**What this task involves**
A faithful copy is needed of the lines below from the one with "- łazienka z estetyczną zabudową" up to and including the one with "見事に柔らかいクッションにめ"; set it down with no pictures and no other lines.

**Data extract**
********

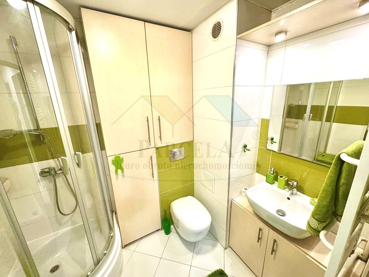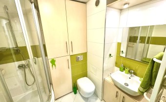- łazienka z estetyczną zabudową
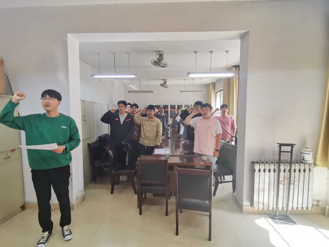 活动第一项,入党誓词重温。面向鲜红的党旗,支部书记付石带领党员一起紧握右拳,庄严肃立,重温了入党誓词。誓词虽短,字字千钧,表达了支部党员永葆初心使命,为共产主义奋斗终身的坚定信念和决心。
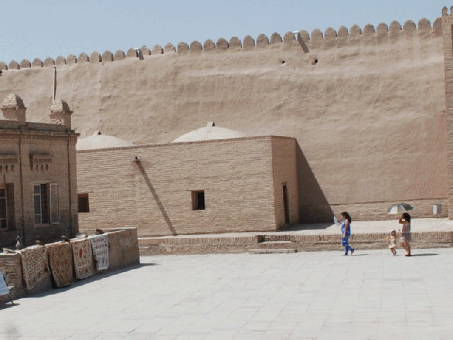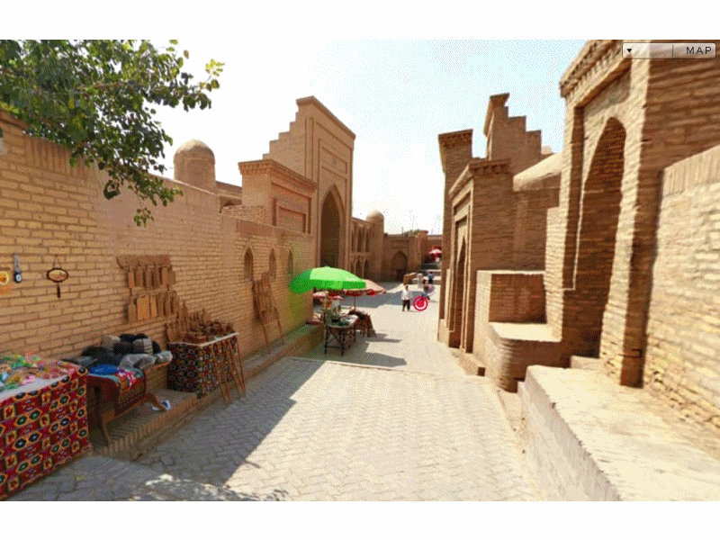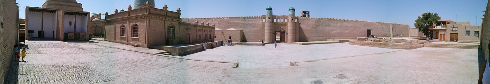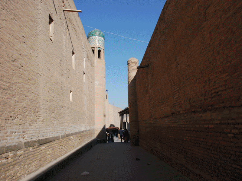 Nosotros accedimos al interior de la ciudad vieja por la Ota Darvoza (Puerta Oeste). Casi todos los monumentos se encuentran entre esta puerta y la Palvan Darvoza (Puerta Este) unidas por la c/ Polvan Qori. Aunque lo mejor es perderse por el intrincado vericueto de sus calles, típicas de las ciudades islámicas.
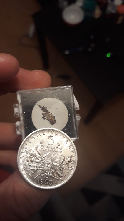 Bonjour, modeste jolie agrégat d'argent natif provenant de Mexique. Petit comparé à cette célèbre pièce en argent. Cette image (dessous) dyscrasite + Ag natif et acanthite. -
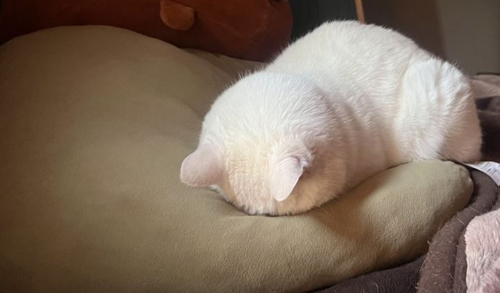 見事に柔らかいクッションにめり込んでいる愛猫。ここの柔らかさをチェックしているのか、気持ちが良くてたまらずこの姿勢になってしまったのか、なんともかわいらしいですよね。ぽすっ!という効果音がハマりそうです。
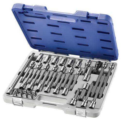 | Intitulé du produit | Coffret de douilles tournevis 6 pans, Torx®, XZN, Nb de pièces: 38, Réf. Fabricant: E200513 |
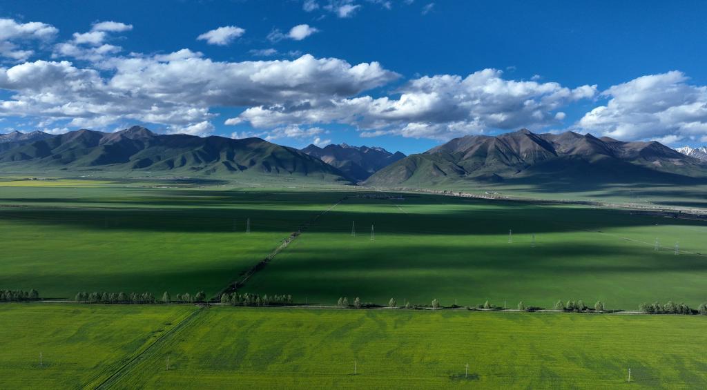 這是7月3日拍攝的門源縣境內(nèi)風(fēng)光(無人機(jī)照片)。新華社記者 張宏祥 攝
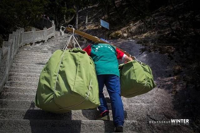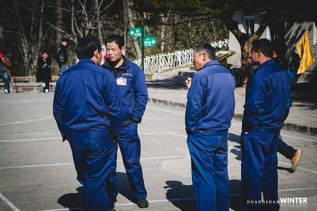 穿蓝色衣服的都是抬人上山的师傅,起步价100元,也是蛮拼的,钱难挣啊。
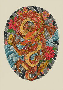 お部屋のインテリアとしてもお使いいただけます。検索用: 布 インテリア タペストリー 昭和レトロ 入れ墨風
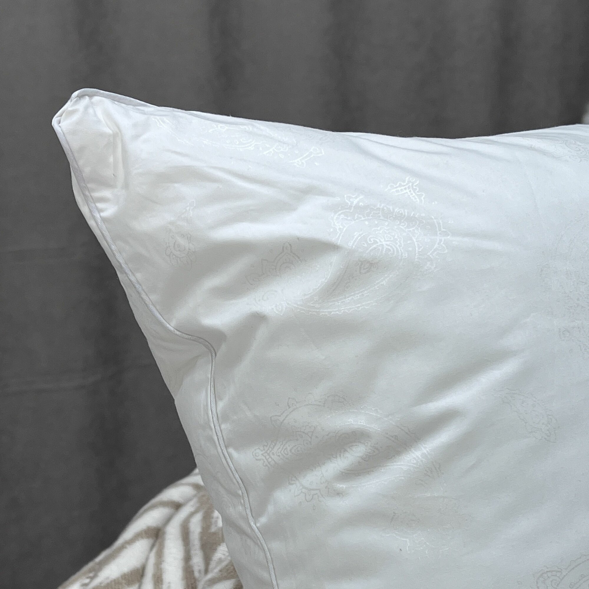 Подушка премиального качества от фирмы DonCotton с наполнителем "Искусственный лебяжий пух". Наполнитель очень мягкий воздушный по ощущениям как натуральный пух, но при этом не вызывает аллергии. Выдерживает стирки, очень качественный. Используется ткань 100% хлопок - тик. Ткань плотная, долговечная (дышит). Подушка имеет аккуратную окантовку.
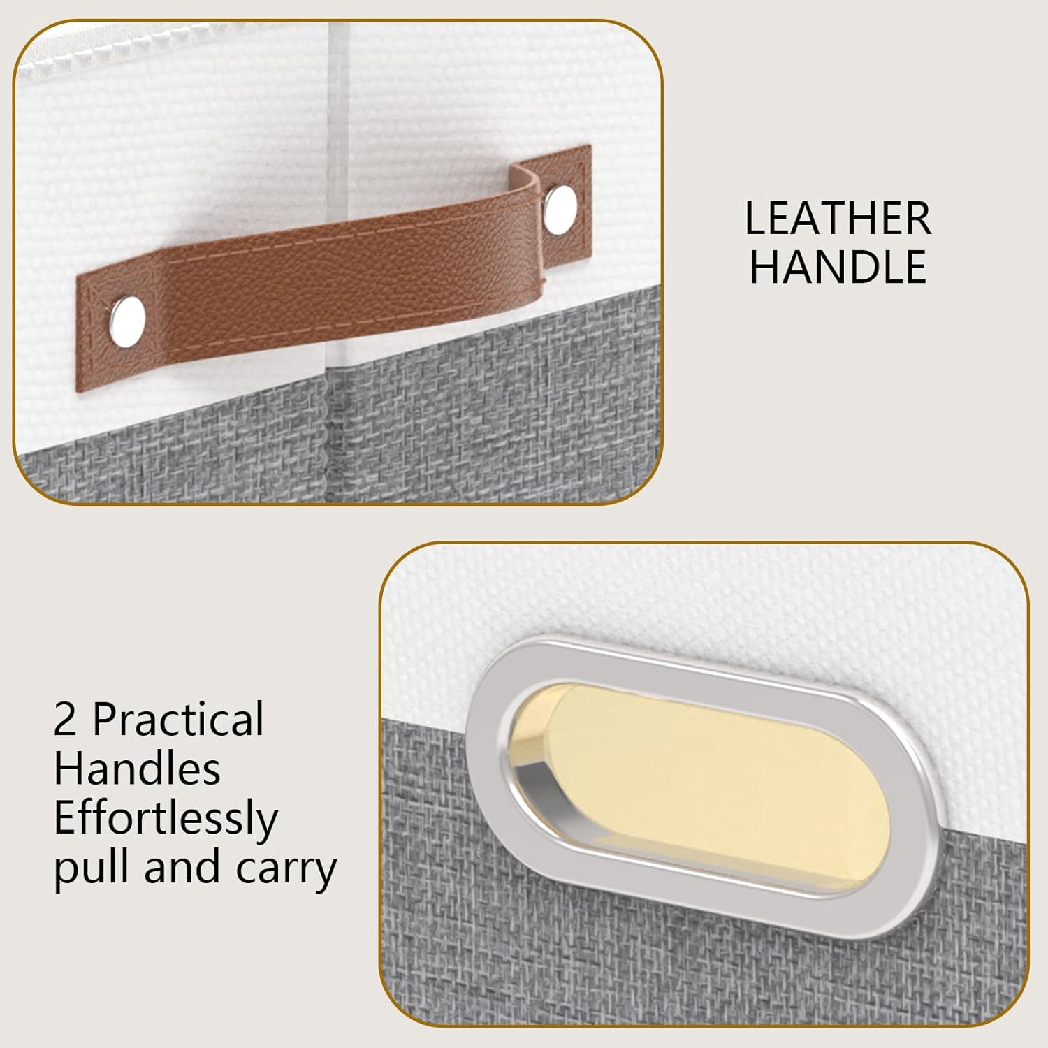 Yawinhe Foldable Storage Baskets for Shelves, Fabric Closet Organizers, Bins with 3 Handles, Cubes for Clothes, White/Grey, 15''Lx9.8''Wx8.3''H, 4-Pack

********

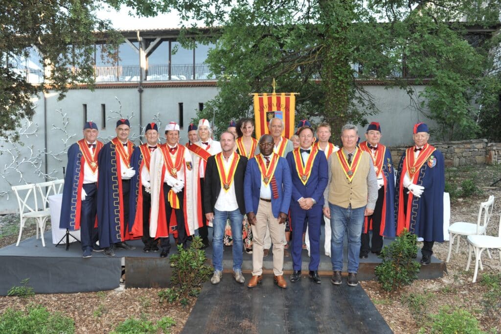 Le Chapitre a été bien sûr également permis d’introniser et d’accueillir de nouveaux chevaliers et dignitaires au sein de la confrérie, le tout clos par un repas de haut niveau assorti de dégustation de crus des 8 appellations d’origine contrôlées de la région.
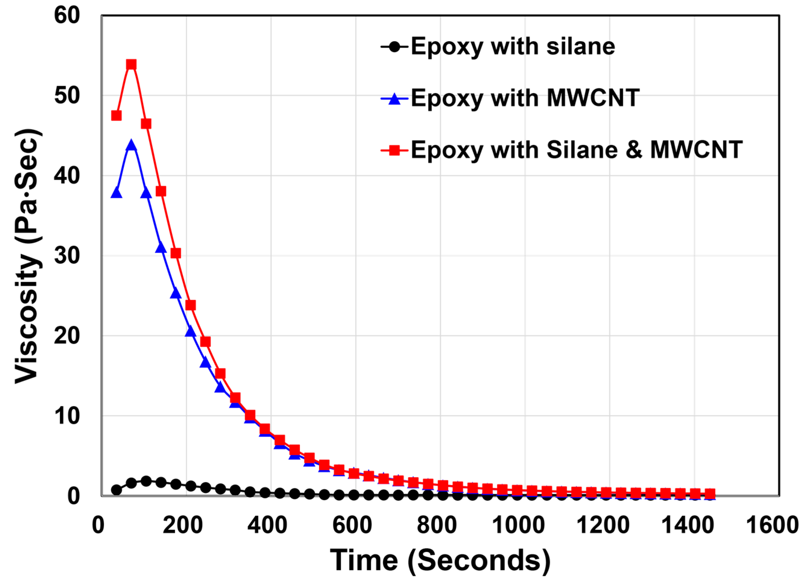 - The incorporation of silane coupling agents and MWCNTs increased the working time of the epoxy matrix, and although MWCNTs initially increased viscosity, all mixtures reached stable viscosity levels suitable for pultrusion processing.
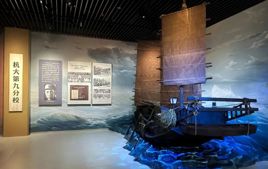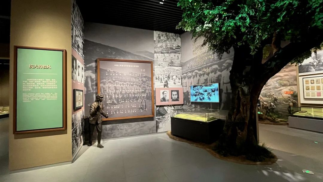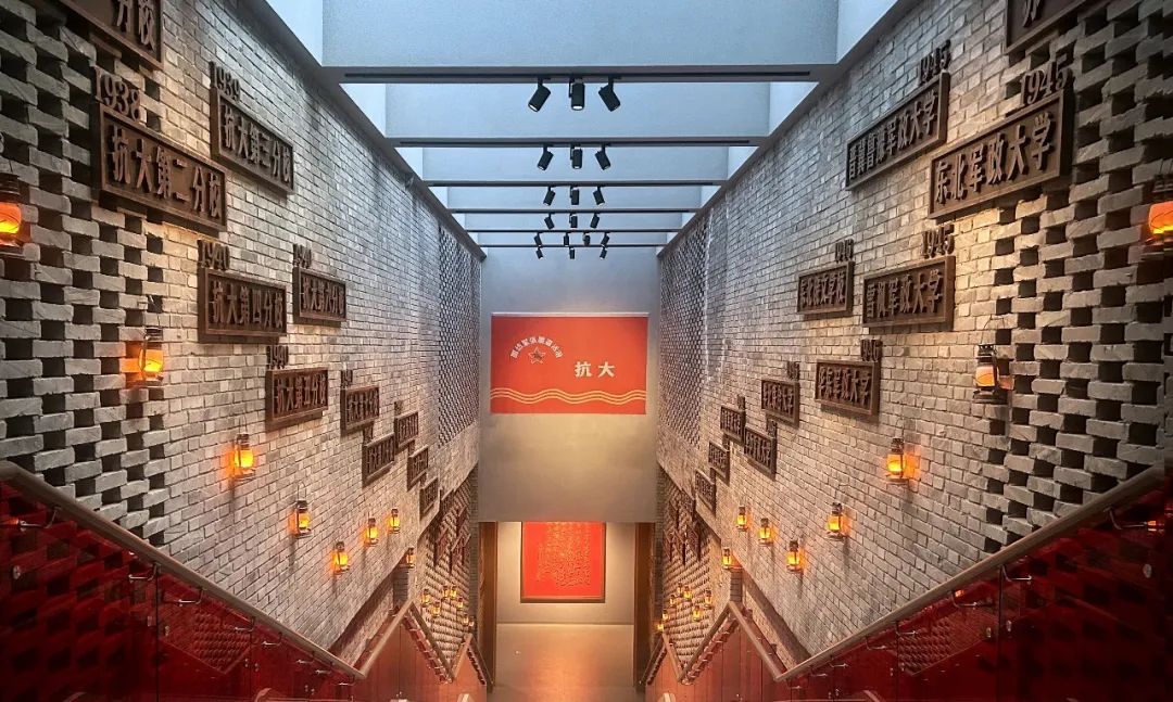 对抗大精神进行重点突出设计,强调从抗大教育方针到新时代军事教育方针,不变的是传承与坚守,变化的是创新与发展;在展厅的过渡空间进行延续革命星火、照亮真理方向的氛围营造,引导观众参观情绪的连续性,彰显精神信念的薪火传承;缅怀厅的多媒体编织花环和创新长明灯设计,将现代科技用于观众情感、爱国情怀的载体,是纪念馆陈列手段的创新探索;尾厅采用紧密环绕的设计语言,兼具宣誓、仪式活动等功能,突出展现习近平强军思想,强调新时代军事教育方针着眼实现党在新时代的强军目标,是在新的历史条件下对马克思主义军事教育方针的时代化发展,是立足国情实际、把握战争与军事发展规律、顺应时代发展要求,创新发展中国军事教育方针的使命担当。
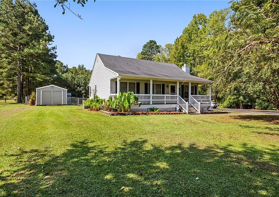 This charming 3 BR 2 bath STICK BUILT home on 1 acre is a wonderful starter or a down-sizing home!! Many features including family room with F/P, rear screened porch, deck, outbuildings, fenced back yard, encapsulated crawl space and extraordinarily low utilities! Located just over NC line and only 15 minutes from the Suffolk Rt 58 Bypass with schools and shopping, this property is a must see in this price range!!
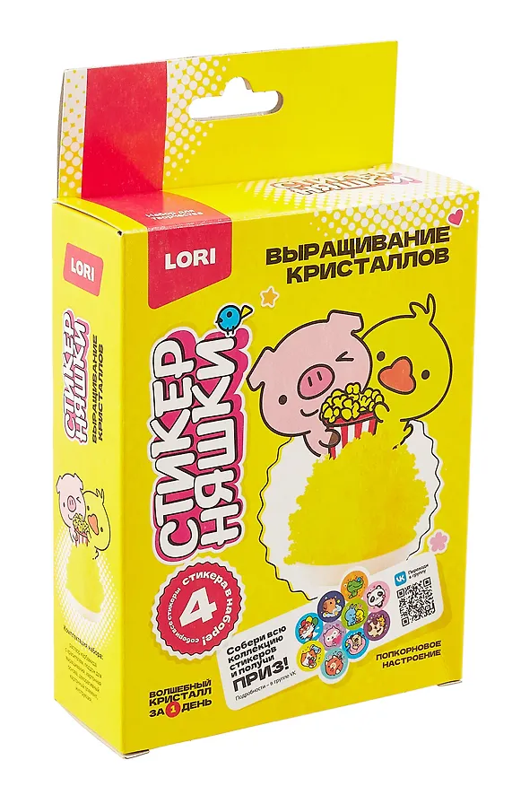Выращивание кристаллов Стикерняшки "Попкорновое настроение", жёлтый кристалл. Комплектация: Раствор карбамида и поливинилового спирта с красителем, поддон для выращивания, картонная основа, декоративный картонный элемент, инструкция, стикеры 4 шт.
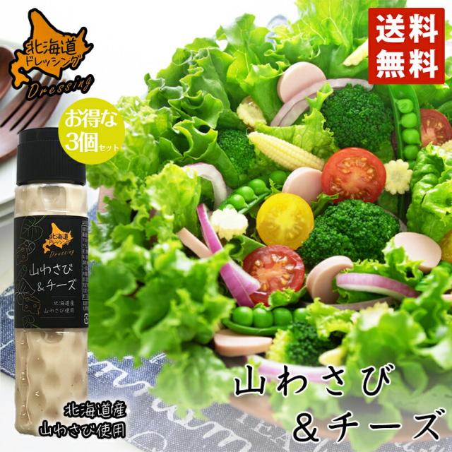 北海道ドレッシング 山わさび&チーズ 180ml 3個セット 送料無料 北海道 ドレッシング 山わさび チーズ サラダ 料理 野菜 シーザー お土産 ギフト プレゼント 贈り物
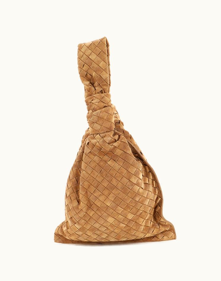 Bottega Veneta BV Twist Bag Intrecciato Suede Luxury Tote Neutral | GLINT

********

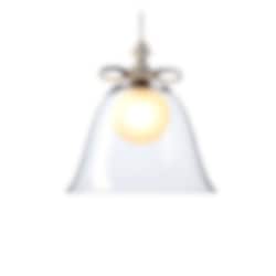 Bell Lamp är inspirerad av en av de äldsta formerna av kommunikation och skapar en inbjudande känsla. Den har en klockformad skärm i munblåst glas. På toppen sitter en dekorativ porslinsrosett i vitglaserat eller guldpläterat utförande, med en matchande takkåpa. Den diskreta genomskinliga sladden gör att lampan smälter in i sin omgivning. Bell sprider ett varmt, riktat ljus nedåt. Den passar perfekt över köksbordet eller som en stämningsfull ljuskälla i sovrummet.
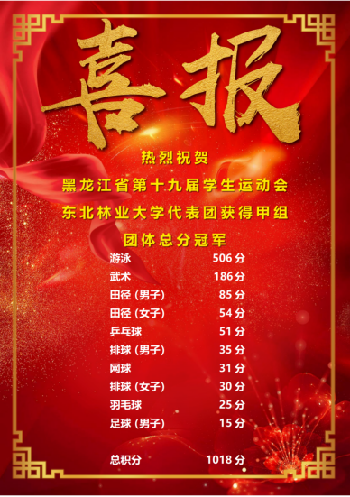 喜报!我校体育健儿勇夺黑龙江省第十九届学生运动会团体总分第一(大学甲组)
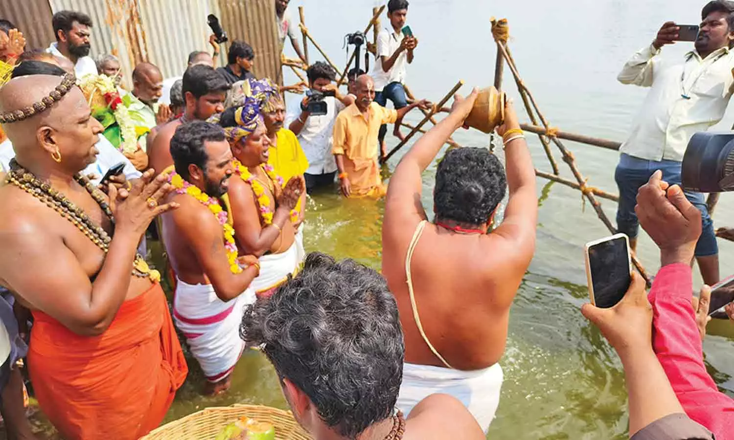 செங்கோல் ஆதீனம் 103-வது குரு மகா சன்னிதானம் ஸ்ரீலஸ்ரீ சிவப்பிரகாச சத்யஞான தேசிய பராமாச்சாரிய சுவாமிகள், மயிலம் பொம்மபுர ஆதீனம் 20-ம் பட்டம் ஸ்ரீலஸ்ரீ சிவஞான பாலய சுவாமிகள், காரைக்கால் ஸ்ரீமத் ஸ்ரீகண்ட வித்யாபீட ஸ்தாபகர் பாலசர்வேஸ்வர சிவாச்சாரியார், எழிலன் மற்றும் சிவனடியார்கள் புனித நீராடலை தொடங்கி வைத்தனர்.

********

**Response area**
- łazienka z estetyczną zabudową
 活动第一项,入党誓词重温。面向鲜红的党旗,支部书记付石带领党员一起紧握右拳,庄严肃立,重温了入党誓词。誓词虽短,字字千钧,表达了支部党员永葆初心使命,为共产主义奋斗终身的坚定信念和决心。
 Nosotros accedimos al interior de la ciudad vieja por la Ota Darvoza (Puerta Oeste). Casi todos los monumentos se encuentran entre esta puerta y la Palvan Darvoza (Puerta Este) unidas por la c/ Polvan Qori. Aunque lo mejor es perderse por el intrincado vericueto de sus calles, típicas de las ciudades islámicas.
 Bonjour, modeste jolie agrégat d'argent natif provenant de Mexique. Petit comparé à cette célèbre pièce en argent. Cette image (dessous) dyscrasite + Ag natif et acanthite. -
 見事に柔らかいクッションにめり込んでいる愛猫。ここの柔らかさをチェックしているのか、気持ちが良くてたまらずこの姿勢になってしまったのか、なんともかわいらしいですよね。ぽすっ!という効果音がハマりそうです。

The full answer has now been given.